Silverbolt: "You shot me!"
Blackarachnia: "He was going to blow your head off!"
- The second Teenage Mutant Ninja Turtles animated series has two of these. The second, Torbin Zixx, is a mercenary who will betray everyone twice in order to complete a job. The first and more important one, however, is Foot Clan member Karai, whose sense of honor clashes with her devotion to her father in a way that makes her impossible to predict.
- Red X in Teen Titans.
In his first episode:
Red X: Not everyone likes to play the big villain, kid. I'm a thief. I'm not threatening your precious city. Just looking out for number one.

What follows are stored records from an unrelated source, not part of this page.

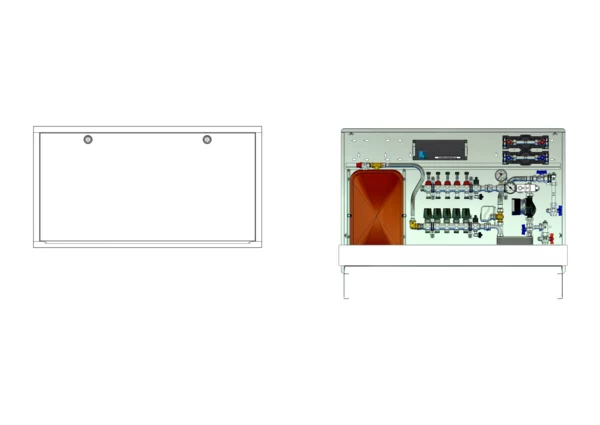Die Mischstation für Flächenheizung ist mit einer Systemtrennung und einer witterungsgeführten Vorlauf-Temperaturregelung (Regler nicht im Lieferumfang) ausgestattet. Die im Unterputzschrank montierte Mischgruppe umfasst eine Umwälzpumpe, einen Edelstahlverteiler mit regulierbaren Durchflussanzeigern und Ventileinsätzen (M30x1,5), sowie eine vertikale Anschlussgarnitur mit Wärmezählerverrohrung. Zusätzlich sind Wasserzählereinbaustrecken für Trinkwasser kalt und warm vorhanden. Die vormontierten und verdrahteten Stellantriebe sind auf einer montierten Klemmleiste installiert.
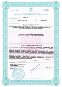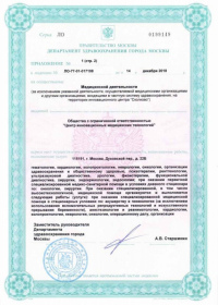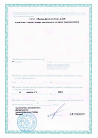 | Лицензии | 18.02.2020 Номер лицензии: ЛО-77-01-019644 Лицензируемый вид деятельности: Медицинская деятельность Дата внесения записи в реестр: 18.02.2020 Номер приказа о предоставлении лицензии: 119-Л Дата приказа о предоставлении лицензии: 18.02.2020 Адрес мест осуществления лицензируемого вида деятельности: 115191, г. Москва, Духовской пер., д. 22Б 14.12.2018 Номер лицензии: ЛО-77-01-017198 Лицензируемый вид деятельности: Медицинская деятельность Дата внесения записи в реестр: 14.12.2018 Номер приказа о предоставлении лицензии: 965-Л Дата приказа о предоставлении лицензии: 14.12.2018 Адрес мест осуществления лицензируемого вида деятельности: 115191, г. Москва, Духовской пер., д. 22Б 04.09.2015 Номер лицензии: ЛО-77-03-000451 Лицензируемый вид деятельности: Деятельность по обороту наркотических средств, психотропных веществ и их прекурсоров, культивированию наркосодержащих растений Дата внесения записи в реестр: 04.09.2015 Номер приказа о предоставлении лицензии: 511-Л Дата приказа о предоставлении лицензии: 04.09.2015 Адрес мест осуществления лицензируемого вида деятельности: 115191, г. Москва, Духовской пер., д. 22Б |
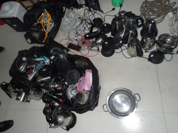本次检查主要是检查同学中是否有违禁物品、在寝室内使用电炉、热的快、电茶壶、电热毯等大功率违规电器。依据分工检查人员分组认真对每个宿舍进行了检查,发现寝室私拉乱扯电线情况虽比以前有所好转,但违规使用大功率电器的现象仍比较严重。检查中检查组成员对违规使用的大功率电器现场进行了收缴(共计76件),并向同学们讲述了近年来大学校园里由于违规使用大功率电器、私拉乱扯电线而引发的火灾案例,希望同学们提高安全防范意识,消除安全隐患。
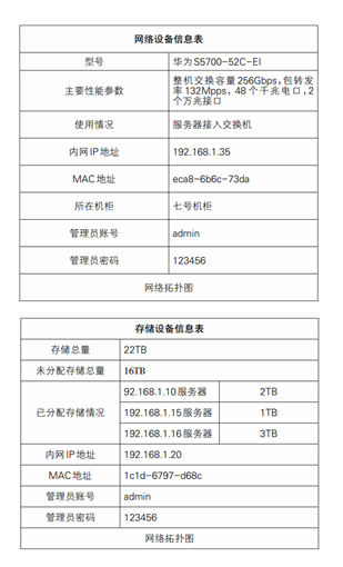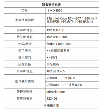 將機房設備按功能劃分為服務器、網絡設備和存儲設備,分別粘貼二維碼標簽,通過掃描即可快速獲取設備基本信息表。其中,“公網IP地址”及“端口映射情況”僅針對公網應用服務器,“管理員賬號”和“管理員密碼”需要特定用戶登錄后才能查看,點擊“所在機柜”可查看機柜布局圖及該設備在機柜中的物理位置,點擊“網絡拓撲圖”可查看整個網絡拓撲圖及該設備在圖中的邏輯位置。
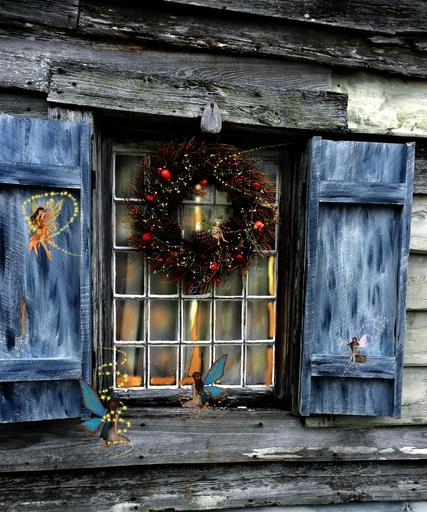 Keywords: country christmas magic wreath blue shutters window fairy fairies holiday xmas decoration red pine wooden season december seasonal warm merry celebration traditional wood
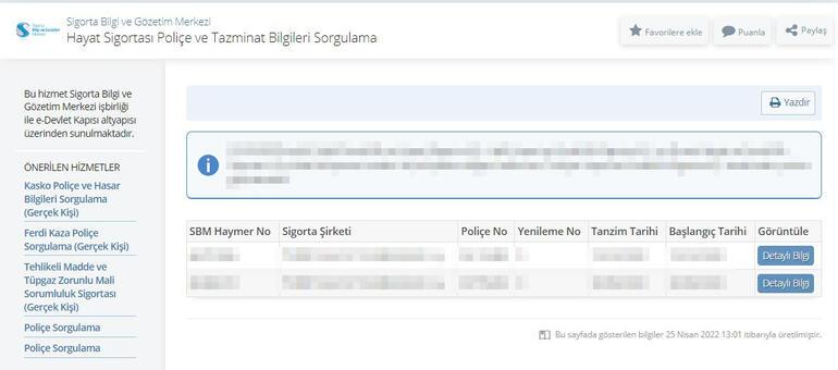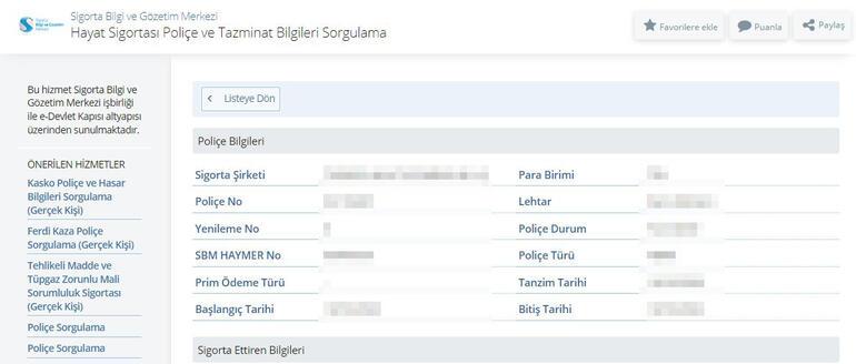 “Bankadan kredi kullandıysanız ve hayat sigortası yapılmışsa, e-devletteki hayat sigortası poliçe sorgulaması üzerinden; sigortanın hangi şirketten yapıldığı, sigorta ettiren bankanı adı, sigortanın başlangıç ve bitiş tarihi, yürürlükte olup olmadığı, poliçenin hangi teminatları (vefat, sakatlık, tehlikeli hastalıklar) kapsadığı gibi tüm detayları görebiliyorsunuz. Bu ne sağlıyor? Örneğin, yakınınız bankadan kredi kullandı ve sonrasında vefat etti; hayat sigortası var mıydı, varsa neleri kapsadığı gibi bilgileri e-devlet üzerinden öğrenmiş oluyorsunuz, ona göre de yasal haklarınızı kullanıyorsunuz.
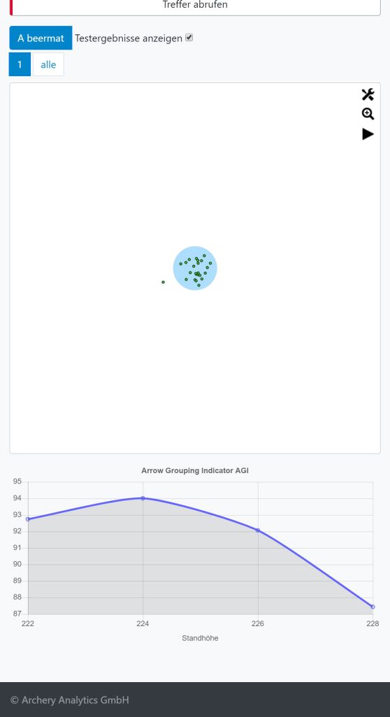 In allen Anleitungen zum Bogentuning findet man den Hinweis, dass bestimmte Einstellungen wie z.B. die Standhöhe dann optimal sind, wenn die Pfeile die beste (= engste) Gruppierung aufweisen. Die RyngDyngApp© unterstützt dieses Tuning, indem sie zu jeder Passe den Arrow Grouping Indicator AGI berechnet. Dieser ist einfach zu verstehen: 100 bedeutet, dass alle Pfeile der Passe auf einem Punkt stecken, 0 bedeutet, dass alle Pfeile maximal über die Auflage verstreut sind. Natürlich kannst du 100 nur dann erreichen, wenn du z.B. 3 Pfeile auf einen 3er Spot schießt und jeder Pfeil auf demselben Punkt im jeweiligen Spot steckt. Um 'alle im Gold' zu haben, solltest du wenigstens 95 erreichen. Der AGI wird übrigens so berechnet, dass er von der Entfernung unabhängig ist. Eine sehr enge Gruppe auf 18 m Distanz kann denselben AGI haben wir eine größere Gruppe auf 70 m Distanz. Entscheidend ist die Gruppengröße im Verhältnis zur Auflagengröße.
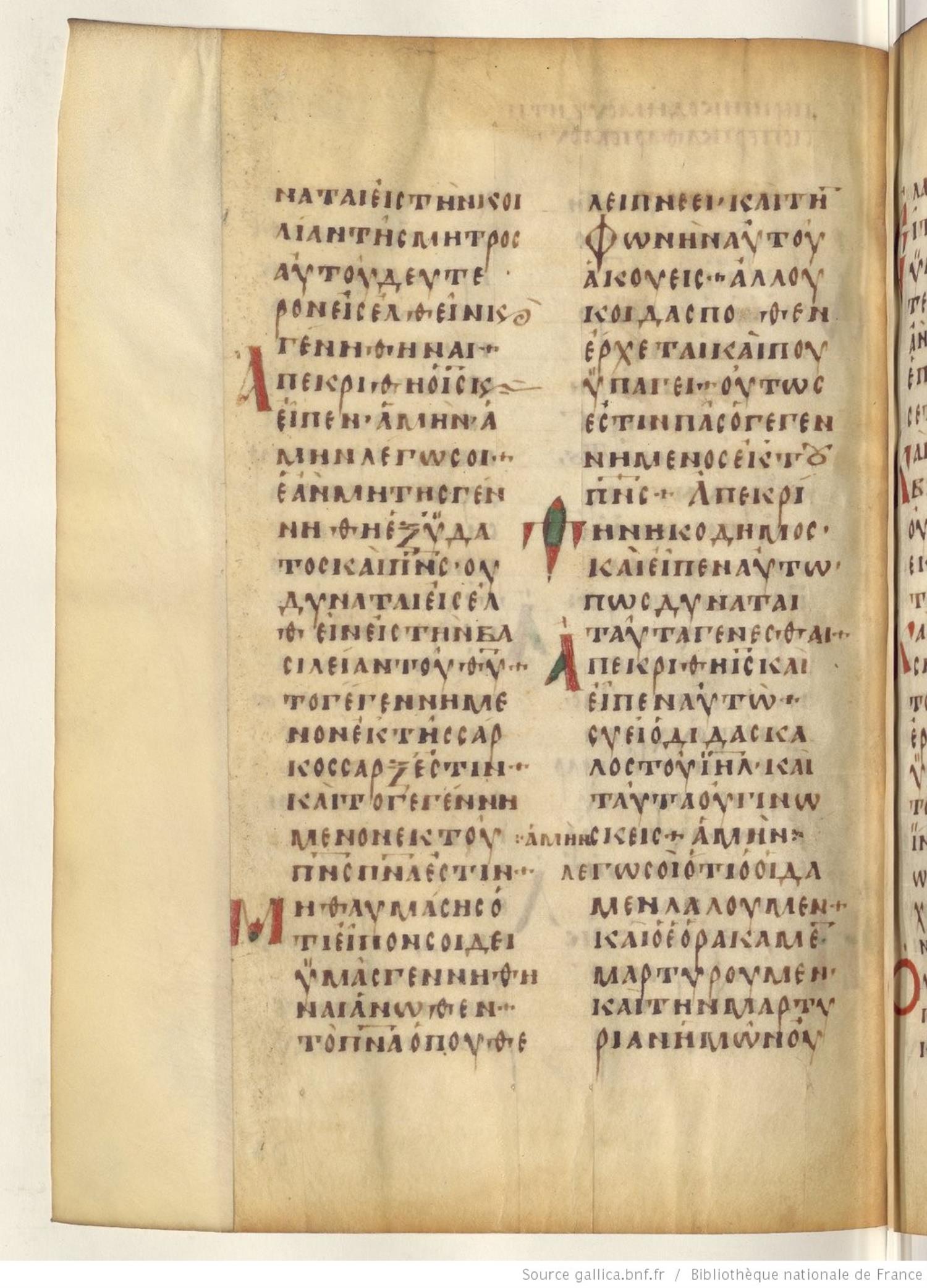 Codex Regius is an eighth-century (alt. date ninth-century) manuscript of the Gospels on parchment; 257 leaves, 2 columns, 25 lines per column. Only a selection of images are available at this time. For recent images please see the Bibliothèque Nationale.

While preventing the other villains from getting Robin's case after Robin saves his life:
Gizmo: Whose side are you on, Barf Brain?!
Red X: MINE!
- Heloise on Jimmy Two-Shoes. She both works for Lucius, yet often goes against him to help Jimmy.
- Bigmouth in The Smurfs can play either friend or villain of the Smurfs, depending on what will get him more food.
- Reboot has Mouse the agent for hire/turned goody when her employer disregards her own safety during a job.
- The page quote comes from Charles Maurice de Talleyrand-Perigord, a French diplomat who embodied this trope a couple of hundred years ago. He started out under the Gallic Church and King Louis XVI, switched sides to the anti-Church, anti-Royalist Republic, ditched them to help Napoleon seize power, converted back just as Napoleon had allied with Russia, convened the Senate that legally dismissed Napoleon, and finally threw his support to the Citizen King Louis-Philippe. All this time he remained powerful and influential, and even managed to stay out of prison. The Other Wiki says he was known as "The Prince of Diplomats" but Napoleon himself came up with the perhaps equally fitting (if less flattering) label "shit in a silk stocking".
- Alcibiades. He switched sides five times during the Peloponnesian War, always for who was willing to give him the power and glory to match his military ability.
- This is the constitutional position of the monarchy in Britain, last used to pick a new Prime Minister in 1963.
- In countries which suffer from a hung parliament after an election, independents and third parties usually become this.
- Dennis Rodman in Phil Jackson's Chicago Bulls.